A supplemental report released by the Law Commission on the same day discusses responses to a targeted consultation on the draft Bill earlier this year. A key question was whether new legislation was required at all. Recent cases have started to fashion a law of property applicable to digital assets in order to provide proprietary relief when they are stolen and to ascribe duties to participants in the digital economy. The Law Commission considered that a short clarification would still be useful to direct the development of English law but sought confirmation of this view in the consultation.
Norton Rose Fulbright LLP submitted a response to this consultation, quoted by the Law Commission, in which we argued in favour of new legislation. We pointed out that a new category of personal property “directs the judiciary to develop rules relating to digital assets that are not simply incremental offshoots of rules applicable to things in action or things in possession, but take account of the unique characteristics of digital assets” (quoted in Supplemental Report, paragraph 2.56). And we characterised the potential benefits of the Bill: “If the rules developed in relation to digital assets are inappropriate, digital asset platforms are less likely to select English law or to be based in the United Kingdom. The digital asset ecosystem, as with any property-based section of the economy, is dependent on clear underlying legal rules and is threatened without them. It is also a highly mobile sector – the certainty and professionalism of the English legal system is currently a key competitive advantage” (quoted in Supplemental Report, paragraph 4.9).
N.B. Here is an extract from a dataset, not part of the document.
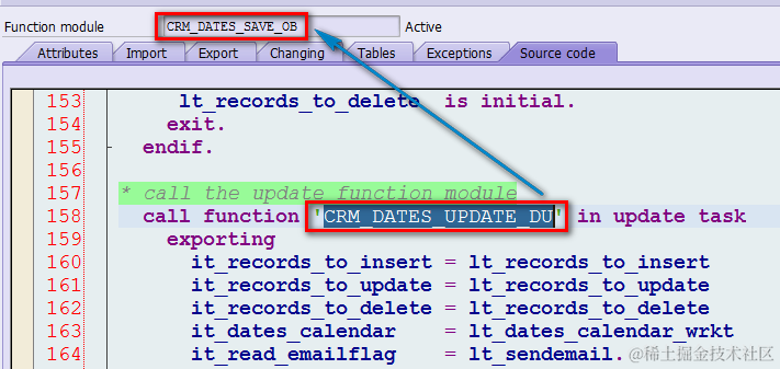 Perform where used list on CRM_DATES_UPDATE_DU and we can get CRM_DATES_SAVE_OB,
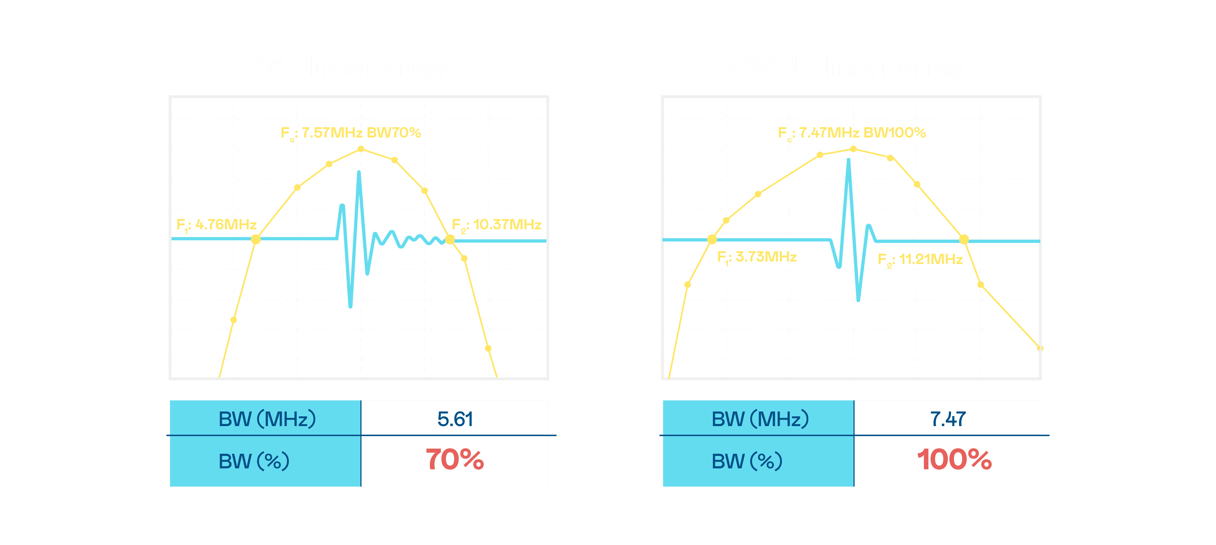 超音波影像的解析度高低,,,,首先取决于探头能发出的讯号频宽。。。冰球突破 CMUT 可提供高清晰的超音波讯号,,提供高频宽、、、高灵敏度、、、、影像纹理细节更高的超音波影像,,,,协助医护人员缩短影像判读时间及利用精准的医疗影像进行诊断。。。

The Law Commission has introduced a slight amendment to the draft Bill following the targeted consultation. The previous wording could be interpreted as widening the scope of what things might attract property rights. This led to speculation that, for instance, pure information might be granted the status of property by the Bill. The new wording makes clear that this is not the case. The new draft of the Bill now avoids setting out what the limits are on the existing categories, but enables digital assets to be placed in a third category where appropriate.
Enacting the draft Bill proposed by the Law Commission would be a significant step towards promoting English law and the United Kingdom as a base for the digital asset economy. As a short, technology-agnostic piece of legislation, it will create clarity without limiting the capacity to absorb innovation that is a hallmark of the English common law.